The significant questions this film documents and raises are being worked out at the grass-roots. Changes in public policy are occurring, driven by sympathetic government officials in the field. Native people and federal agents alike recognize the value of using public education, rather than the force of law, to legitimize native concerns over sacred site protection. At Devils Tower, Park Superintendent Deb Liggett says she has a mandate from the American people to preserve cultural properties. A federal judge agreed, though his decision has been appealed. At Mount Shasta, Forest Supervisor Sharon Heywood decided against the ski resort at Panther Meadows, due in part to the mountain’s spiritual significance to Native Americans. At the Grand Canyon, Jan Balsom, the National Park’s Chief Archaeologist, walks along the rim with Hopi elder Dalton Taylor. He tells her that tourists have been taking eagle feathers from an important shrine; she agrees to block the trail to keep tourists away. Taylor quietly nods and says, “Thank you. All we want is for the prayer feathers to be respected and not destroyed.”

The Issue

Freedom of religion is one of the fundamental values in American society. For indigenous communities such as the Wintu, Hopi and Lakota, the earth is sacred, and their religious practices hinge on their responsibility to take care of the natural world by performing ceremonies that are linked to specific places. However, the mainstream society’s value of religious freedom does not apply to this indigenous philosophy and the practices that have grown from it. Land-based religions were not in the minds of the founding fathers when they wrote the First Amendment, nor are they understood by the American public today. What is our society’s responsibility to Americans who have been forced off their homelands, politically and economically dispossessed, and even massacred for their beliefs? These acts seem unthinkable now, but the denial of religious freedom to land-based religions is a continuation of our nation’s old ways of dealing with the “Indian problem.”

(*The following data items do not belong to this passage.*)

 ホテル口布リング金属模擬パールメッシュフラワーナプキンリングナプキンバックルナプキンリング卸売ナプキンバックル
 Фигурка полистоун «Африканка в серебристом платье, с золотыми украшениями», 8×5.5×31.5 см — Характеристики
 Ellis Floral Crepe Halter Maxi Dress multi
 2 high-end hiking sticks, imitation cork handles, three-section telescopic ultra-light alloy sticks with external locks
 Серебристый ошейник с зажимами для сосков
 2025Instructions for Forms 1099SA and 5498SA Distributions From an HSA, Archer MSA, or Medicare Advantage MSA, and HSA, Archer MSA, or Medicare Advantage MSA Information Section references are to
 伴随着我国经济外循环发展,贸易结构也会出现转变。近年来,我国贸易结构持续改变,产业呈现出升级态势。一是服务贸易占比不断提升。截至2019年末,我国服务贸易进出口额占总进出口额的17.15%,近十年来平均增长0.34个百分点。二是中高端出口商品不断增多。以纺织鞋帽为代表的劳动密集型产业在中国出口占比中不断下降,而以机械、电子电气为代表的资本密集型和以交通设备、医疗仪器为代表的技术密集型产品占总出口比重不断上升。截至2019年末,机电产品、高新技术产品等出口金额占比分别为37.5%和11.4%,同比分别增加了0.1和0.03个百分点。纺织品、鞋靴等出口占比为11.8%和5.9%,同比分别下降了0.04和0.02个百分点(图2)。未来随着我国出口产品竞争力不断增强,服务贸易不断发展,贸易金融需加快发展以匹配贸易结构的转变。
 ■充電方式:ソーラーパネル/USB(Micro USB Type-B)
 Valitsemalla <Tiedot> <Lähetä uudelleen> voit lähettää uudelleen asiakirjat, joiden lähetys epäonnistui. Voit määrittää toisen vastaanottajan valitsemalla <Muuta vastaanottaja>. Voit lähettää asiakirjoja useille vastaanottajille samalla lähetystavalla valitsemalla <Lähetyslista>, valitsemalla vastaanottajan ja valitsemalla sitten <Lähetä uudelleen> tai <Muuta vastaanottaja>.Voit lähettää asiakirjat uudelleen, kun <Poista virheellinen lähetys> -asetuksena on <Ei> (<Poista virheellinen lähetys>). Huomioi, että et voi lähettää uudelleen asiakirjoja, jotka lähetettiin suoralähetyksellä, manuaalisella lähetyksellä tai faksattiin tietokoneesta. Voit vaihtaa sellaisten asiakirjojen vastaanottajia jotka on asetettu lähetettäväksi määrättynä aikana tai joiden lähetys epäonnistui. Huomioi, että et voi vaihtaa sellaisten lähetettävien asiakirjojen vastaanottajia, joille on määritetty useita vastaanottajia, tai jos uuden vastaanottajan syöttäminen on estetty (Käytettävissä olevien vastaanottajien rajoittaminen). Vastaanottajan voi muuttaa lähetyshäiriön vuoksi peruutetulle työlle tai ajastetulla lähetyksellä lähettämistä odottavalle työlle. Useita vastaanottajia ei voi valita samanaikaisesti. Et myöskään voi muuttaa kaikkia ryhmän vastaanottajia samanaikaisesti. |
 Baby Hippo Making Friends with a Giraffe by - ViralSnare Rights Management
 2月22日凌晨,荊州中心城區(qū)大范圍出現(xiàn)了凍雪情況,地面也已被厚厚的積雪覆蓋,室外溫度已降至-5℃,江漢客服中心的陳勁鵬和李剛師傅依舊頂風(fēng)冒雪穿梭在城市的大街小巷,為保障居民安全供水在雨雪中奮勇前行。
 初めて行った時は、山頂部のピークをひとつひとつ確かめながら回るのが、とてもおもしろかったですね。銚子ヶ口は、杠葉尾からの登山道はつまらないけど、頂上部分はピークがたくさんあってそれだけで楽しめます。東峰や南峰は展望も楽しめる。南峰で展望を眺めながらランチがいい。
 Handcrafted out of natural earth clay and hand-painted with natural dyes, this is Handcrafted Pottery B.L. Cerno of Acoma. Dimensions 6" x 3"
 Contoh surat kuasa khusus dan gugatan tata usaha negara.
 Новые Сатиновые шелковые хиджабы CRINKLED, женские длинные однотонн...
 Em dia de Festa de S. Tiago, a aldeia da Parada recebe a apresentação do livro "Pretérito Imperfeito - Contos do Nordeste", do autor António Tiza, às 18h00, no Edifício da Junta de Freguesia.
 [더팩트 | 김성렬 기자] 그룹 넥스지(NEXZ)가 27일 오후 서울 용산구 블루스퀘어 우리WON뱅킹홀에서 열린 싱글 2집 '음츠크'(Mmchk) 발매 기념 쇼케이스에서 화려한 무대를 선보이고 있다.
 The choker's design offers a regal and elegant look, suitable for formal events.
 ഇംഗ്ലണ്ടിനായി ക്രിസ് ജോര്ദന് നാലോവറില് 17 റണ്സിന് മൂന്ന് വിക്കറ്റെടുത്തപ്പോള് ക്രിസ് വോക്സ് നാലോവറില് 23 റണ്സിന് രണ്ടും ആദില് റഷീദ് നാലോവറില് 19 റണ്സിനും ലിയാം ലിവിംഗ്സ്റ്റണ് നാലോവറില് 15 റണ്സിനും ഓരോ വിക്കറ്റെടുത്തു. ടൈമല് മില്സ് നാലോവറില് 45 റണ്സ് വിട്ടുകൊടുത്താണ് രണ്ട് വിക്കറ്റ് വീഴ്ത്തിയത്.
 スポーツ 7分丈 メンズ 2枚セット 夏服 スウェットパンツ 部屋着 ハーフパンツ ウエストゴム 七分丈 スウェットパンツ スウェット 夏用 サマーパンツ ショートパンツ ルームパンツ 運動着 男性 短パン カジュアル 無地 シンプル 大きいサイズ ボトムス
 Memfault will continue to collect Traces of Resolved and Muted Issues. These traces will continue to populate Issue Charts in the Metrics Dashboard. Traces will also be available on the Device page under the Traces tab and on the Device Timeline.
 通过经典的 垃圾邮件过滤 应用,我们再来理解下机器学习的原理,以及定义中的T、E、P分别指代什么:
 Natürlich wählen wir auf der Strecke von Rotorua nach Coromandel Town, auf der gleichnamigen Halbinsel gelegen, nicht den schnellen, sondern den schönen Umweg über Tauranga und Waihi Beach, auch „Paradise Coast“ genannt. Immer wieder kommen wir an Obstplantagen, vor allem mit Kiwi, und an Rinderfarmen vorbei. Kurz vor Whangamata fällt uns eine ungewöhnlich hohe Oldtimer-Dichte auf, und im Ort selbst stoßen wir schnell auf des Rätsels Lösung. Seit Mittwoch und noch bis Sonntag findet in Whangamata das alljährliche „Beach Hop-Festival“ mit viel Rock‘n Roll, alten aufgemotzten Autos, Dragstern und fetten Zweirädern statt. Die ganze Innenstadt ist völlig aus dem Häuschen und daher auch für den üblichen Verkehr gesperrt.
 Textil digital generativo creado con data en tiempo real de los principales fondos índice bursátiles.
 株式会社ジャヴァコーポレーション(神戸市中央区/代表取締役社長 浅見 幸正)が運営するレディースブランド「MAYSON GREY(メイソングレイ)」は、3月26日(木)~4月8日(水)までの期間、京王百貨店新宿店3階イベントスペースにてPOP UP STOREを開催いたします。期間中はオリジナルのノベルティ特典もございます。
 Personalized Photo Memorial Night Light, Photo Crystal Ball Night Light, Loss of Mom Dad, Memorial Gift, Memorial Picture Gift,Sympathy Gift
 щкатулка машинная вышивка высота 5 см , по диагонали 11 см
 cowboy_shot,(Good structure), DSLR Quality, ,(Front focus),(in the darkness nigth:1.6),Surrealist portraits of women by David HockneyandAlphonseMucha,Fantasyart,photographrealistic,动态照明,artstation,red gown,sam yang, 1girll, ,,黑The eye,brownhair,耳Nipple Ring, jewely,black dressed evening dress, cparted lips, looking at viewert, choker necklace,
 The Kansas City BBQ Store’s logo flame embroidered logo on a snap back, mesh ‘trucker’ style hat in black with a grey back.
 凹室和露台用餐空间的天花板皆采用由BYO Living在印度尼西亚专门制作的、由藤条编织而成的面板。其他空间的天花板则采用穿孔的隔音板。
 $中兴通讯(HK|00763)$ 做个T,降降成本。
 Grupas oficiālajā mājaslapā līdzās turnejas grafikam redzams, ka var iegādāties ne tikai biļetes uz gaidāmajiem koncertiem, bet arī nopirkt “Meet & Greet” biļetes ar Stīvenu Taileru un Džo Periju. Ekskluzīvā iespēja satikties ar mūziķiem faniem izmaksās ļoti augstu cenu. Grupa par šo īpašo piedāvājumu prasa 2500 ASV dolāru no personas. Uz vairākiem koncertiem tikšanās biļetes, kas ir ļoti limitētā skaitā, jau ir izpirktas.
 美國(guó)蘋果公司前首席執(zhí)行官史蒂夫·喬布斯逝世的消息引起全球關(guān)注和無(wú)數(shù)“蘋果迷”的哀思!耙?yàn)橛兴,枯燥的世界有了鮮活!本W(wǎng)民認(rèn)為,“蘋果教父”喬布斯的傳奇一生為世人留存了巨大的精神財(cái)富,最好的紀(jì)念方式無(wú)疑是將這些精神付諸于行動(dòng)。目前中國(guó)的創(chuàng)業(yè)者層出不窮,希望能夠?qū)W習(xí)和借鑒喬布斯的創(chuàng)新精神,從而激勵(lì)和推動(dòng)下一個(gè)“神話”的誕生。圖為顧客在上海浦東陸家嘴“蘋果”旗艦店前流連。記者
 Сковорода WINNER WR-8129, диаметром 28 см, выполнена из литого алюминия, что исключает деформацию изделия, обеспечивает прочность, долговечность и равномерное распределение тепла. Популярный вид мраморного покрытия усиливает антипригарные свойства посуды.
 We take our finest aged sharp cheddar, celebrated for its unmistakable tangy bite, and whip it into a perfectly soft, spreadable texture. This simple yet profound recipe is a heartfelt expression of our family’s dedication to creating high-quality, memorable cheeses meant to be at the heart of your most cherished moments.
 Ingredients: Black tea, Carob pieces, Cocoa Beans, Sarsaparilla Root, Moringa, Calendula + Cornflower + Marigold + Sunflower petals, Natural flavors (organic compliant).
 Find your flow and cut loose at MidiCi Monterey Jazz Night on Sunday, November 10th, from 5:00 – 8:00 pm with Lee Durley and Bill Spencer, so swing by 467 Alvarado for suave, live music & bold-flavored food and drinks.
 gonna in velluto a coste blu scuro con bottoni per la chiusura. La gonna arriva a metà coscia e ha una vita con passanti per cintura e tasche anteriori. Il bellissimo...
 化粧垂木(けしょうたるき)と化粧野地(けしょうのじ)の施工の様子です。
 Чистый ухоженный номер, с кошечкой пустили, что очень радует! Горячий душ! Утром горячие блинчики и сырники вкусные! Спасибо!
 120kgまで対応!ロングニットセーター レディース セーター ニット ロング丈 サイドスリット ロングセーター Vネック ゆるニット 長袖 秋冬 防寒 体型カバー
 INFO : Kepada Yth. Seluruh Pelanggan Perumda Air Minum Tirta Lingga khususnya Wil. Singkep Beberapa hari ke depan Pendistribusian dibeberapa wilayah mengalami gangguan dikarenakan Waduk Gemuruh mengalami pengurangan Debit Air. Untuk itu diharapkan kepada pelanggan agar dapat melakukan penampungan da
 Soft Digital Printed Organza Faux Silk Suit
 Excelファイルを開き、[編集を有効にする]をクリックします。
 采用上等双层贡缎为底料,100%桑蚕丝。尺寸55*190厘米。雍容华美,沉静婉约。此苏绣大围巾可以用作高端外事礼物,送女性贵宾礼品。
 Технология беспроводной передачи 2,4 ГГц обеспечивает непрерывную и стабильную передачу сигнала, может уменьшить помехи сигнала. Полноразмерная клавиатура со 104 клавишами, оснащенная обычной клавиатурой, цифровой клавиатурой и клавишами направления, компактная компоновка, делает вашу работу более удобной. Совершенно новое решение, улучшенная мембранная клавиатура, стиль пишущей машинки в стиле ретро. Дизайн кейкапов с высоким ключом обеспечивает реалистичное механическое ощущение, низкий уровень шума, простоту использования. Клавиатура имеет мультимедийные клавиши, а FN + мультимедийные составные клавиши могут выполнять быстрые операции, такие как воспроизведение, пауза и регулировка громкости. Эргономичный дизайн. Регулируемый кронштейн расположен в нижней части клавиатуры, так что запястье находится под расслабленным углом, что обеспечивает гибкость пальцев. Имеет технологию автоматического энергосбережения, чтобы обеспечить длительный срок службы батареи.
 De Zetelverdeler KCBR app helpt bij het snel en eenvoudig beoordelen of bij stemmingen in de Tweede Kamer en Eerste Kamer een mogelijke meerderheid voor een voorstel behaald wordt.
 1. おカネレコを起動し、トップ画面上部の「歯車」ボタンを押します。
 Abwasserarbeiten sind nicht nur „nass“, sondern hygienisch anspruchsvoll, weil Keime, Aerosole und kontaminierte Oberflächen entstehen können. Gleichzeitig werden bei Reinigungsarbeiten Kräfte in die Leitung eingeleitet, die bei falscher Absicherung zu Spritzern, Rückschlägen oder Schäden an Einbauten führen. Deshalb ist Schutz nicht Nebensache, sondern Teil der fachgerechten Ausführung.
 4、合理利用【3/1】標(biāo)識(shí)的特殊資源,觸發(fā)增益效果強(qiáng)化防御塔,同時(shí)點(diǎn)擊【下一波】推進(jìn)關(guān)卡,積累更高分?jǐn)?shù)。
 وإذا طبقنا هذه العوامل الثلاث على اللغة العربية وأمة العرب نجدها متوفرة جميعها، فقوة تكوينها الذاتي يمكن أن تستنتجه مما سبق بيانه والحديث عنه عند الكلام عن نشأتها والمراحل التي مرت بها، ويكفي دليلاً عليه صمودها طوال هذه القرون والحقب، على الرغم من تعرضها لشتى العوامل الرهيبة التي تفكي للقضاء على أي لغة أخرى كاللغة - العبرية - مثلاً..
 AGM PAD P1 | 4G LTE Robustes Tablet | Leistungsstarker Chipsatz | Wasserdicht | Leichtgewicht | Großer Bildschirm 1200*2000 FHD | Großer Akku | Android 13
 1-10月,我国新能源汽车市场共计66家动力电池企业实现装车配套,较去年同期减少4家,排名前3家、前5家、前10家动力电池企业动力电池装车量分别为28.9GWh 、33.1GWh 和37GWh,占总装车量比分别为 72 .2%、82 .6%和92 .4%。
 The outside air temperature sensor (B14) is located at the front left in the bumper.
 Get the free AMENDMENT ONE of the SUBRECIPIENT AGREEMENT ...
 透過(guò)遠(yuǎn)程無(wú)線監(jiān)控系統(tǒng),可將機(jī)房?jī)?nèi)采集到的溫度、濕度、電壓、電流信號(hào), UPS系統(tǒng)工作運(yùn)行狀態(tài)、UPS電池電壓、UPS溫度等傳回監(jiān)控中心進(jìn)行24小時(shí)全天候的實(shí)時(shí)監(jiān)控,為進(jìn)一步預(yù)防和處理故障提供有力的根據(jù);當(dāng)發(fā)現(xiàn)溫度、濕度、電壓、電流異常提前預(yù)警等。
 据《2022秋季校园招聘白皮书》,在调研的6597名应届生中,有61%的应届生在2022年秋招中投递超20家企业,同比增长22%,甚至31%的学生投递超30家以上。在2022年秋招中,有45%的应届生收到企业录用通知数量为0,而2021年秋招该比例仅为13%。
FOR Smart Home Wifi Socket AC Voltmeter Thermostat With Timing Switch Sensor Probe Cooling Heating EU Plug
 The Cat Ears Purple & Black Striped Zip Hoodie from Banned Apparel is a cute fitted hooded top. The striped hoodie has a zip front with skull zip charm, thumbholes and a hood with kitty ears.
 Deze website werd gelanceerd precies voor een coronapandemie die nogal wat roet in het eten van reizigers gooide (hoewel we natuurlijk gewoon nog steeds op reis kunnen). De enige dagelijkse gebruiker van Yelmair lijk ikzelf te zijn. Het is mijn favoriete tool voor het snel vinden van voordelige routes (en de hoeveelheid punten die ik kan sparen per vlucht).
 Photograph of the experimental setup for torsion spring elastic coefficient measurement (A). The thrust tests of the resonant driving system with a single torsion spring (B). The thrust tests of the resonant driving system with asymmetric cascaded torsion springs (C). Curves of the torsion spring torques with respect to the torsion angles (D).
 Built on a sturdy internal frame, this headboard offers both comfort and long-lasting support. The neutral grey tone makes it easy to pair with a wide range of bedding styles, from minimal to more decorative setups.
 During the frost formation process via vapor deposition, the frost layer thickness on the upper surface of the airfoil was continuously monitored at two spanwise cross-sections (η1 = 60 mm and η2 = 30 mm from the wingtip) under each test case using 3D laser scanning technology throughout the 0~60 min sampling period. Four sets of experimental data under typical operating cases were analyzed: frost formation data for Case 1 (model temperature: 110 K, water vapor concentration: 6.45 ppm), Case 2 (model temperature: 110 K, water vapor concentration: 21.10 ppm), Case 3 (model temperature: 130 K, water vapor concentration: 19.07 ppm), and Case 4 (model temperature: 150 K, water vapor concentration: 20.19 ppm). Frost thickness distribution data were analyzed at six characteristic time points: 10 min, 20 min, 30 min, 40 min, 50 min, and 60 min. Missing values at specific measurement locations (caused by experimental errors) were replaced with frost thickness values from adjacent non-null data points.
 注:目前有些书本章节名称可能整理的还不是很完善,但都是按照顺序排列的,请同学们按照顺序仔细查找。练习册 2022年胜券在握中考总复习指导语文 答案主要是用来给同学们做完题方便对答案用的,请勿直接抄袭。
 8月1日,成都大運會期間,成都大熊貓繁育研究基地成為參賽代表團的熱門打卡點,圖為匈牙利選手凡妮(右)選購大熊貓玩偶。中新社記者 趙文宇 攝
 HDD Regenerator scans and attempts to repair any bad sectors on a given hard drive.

Mining, logging, dams and other forms of economic development have a long and continuing history of destroying ceremonial sites. Today, rock climbers, New Age pilgrims, photographers, anthropologists and skiers present surprising new threats. Some members of these groups feel that native peoples’ efforts to protect sacred sites are a political ploy to regain control of lost lands. Determined government bureaucrats have taken the unusual position of supporting native people’s struggle to secure religious freedom. Fundamental to our story is a clash of world views: a utilitarian view of the earth as an economic resource, and a spiritual view of land as animated by ancestral spirits and mysterious forces that create cultures, traditions-and conflicts. As one native elder put it, “This is not a playground. This is sacred ground.”

This story’s implications are profound, not just for its constitutional consequences, but for the questions that confront America’s future as a multicultural society: can we accommodate such diverse cultures, histories, and philosophies into our educational system and our land-use policies? Must the “majority” (who do not practice land-based religions, but nevertheless have relationships with special places) sacrifice rights to use public lands or pursue happiness (through private property ownership) to protect “minority” religions? Will millennia-old philosophies be sacrificed for economic prosperity?

For many Americans, Indian and non-Indian, the Holy Land is here. We all want to protect certain places. Whether those special places are on public land or private property, how does our society decide how best to protect them and who may use them? While we debate, Native Americans are still losing ground-sacred ground.